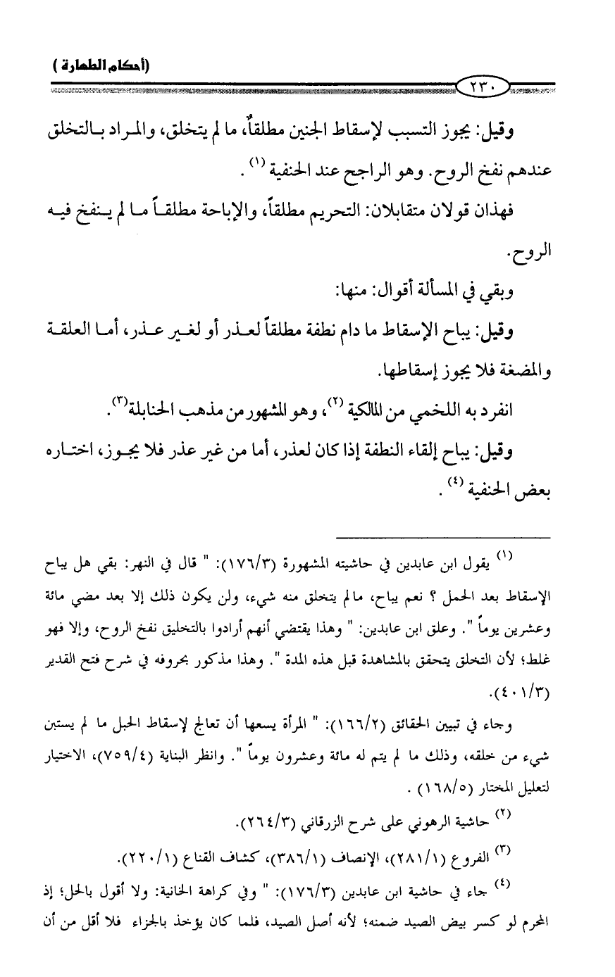 (¬١) يقول ابن عابدين في حاشيته المشهورة (٣/ ١٧٦): "قال في النهر: بقي هل يباح الاسقاط بعد الحمل؟ نعم يباح، ما لم يتخلق منه شيء، ولن يكون ذلك إلا بعد مضي مائة وعشرين يوماً". وعلق ابن عابدين: "وهذا يقتضي أنهم أرادوا بالتخليق نفخ الروح، وإلا فهو غلط؛ لأن التخلق يتحقق بالمشاهدة قبل هذه المدة". وهذا مذكور بحروفه في شرح فتح القدير (٣/ ٤٠١).
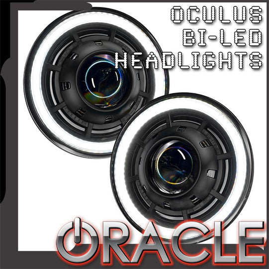 Introducing the all-new Oculus Bi-LED Headlamp system by Oracle Lighting. Featuring advanced LED projection with 4,800 Lumens of high-quality illumination for enhanced driver visibility in all weather conditions. The LED light source has lower power demands compared to the factory lamps while providing more light output.
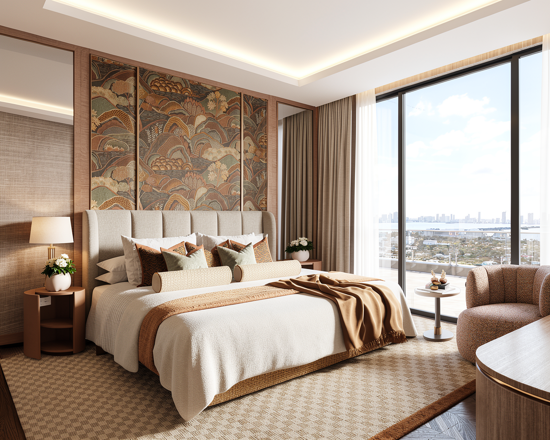 minimalist single person bedroom accesirues wall paper drawer on desk carpet on floor
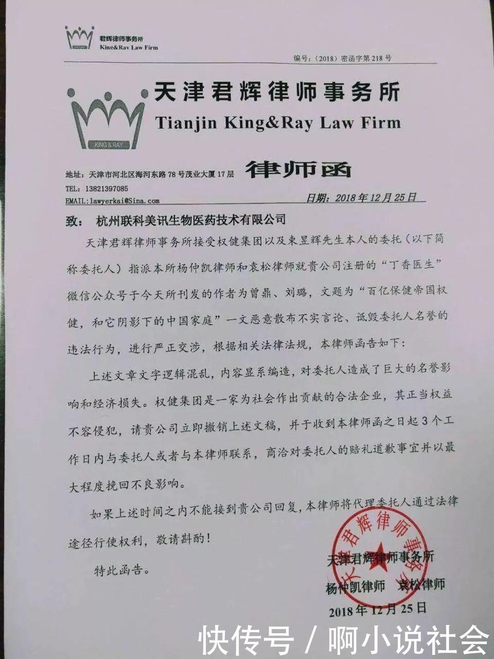 12月26日一早,丁香医生微博转发回应权健“声明”,表示“不会删稿,对每一个字负责,欢迎来告”。中午,新京报记者自丁香医生方面获悉,公司已经收到来自权健集团和权健创始人束昱辉的律师函。
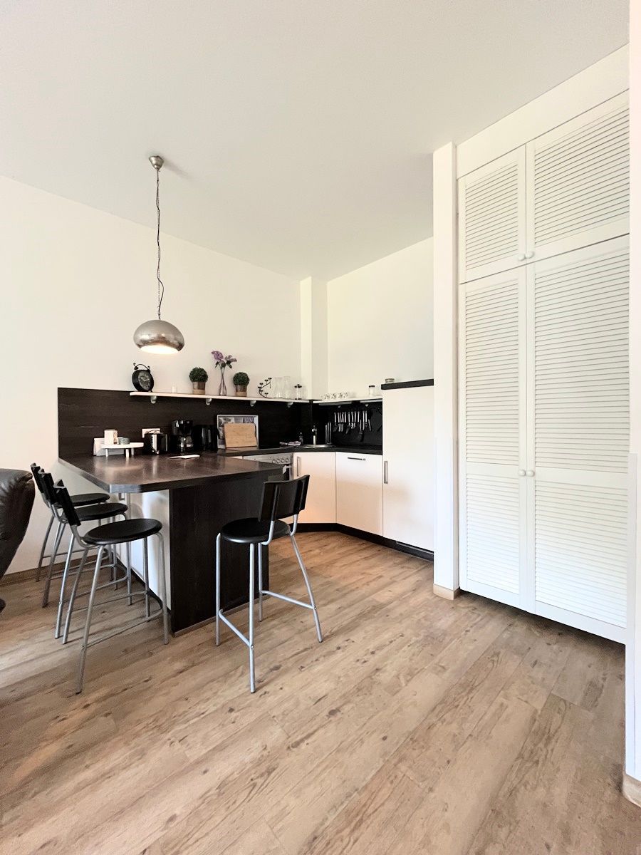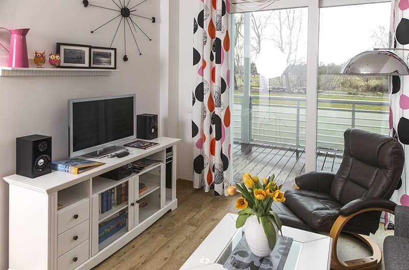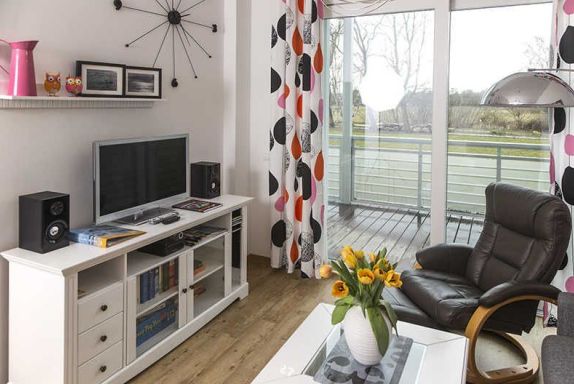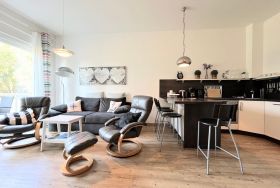 Das Appartement hat ein großes Wohnzimmer mit offener Küche. Ihnen steht im Wohnraum ein gemütliches Sofa (ausziehbar 1,60m breit) und zwei bequeme, verstellbare Sessel zur Entspannung zur Verfügung. Der moderne Flachbildfernseher sowie eine Soundanlage können außerhalb Ihrer Aktivitäten genutzt werden. Die hochwertige Einbauküche ist ausgestattet mit einem Cerankochfeld, Backofen, Kühlschrank (mit TK-Fach) und Geschirrspüler. Der integrierte Essplatz ermöglicht Ihnen kommunikative Essenszubereitung und -einnahme.
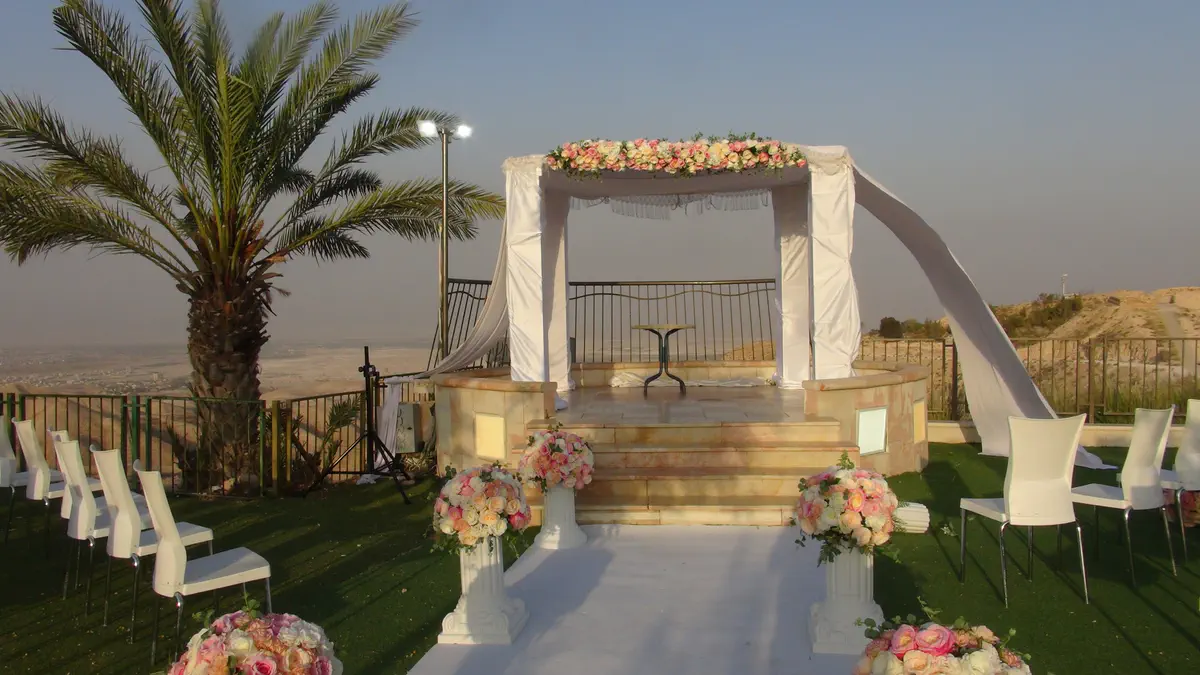 ביקור בגן האירועים, מושך את העיניים באופן כמעט מיידי אל החופה. "החופה שלנו היא גולת הכותרת של המקום, כשממנה נשקף הנוף המדהים למרגלות הרי יהודה. היא מעוצבת באופן ייחודי על ידי מעצבת הבית שלנו", מספר המדינגר.

• • • • •

_Task statement_. Reproduce verbatim the opening line of the material and every line after it, up to and including the line with "minimalist single person", but no pictures.

_Result of the exercise_.
 (¬١) يقول ابن عابدين في حاشيته المشهورة (٣/ ١٧٦): "قال في النهر: بقي هل يباح الاسقاط بعد الحمل؟ نعم يباح، ما لم يتخلق منه شيء، ولن يكون ذلك إلا بعد مضي مائة وعشرين يوماً". وعلق ابن عابدين: "وهذا يقتضي أنهم أرادوا بالتخليق نفخ الروح، وإلا فهو غلط؛ لأن التخلق يتحقق بالمشاهدة قبل هذه المدة". وهذا مذكور بحروفه في شرح فتح القدير (٣/ ٤٠١).
 Introducing the all-new Oculus Bi-LED Headlamp system by Oracle Lighting. Featuring advanced LED projection with 4,800 Lumens of high-quality illumination for enhanced driver visibility in all weather conditions. The LED light source has lower power demands compared to the factory lamps while providing more light output.
 minimalist single person bedroom accesirues wall paper drawer on desk carpet on floor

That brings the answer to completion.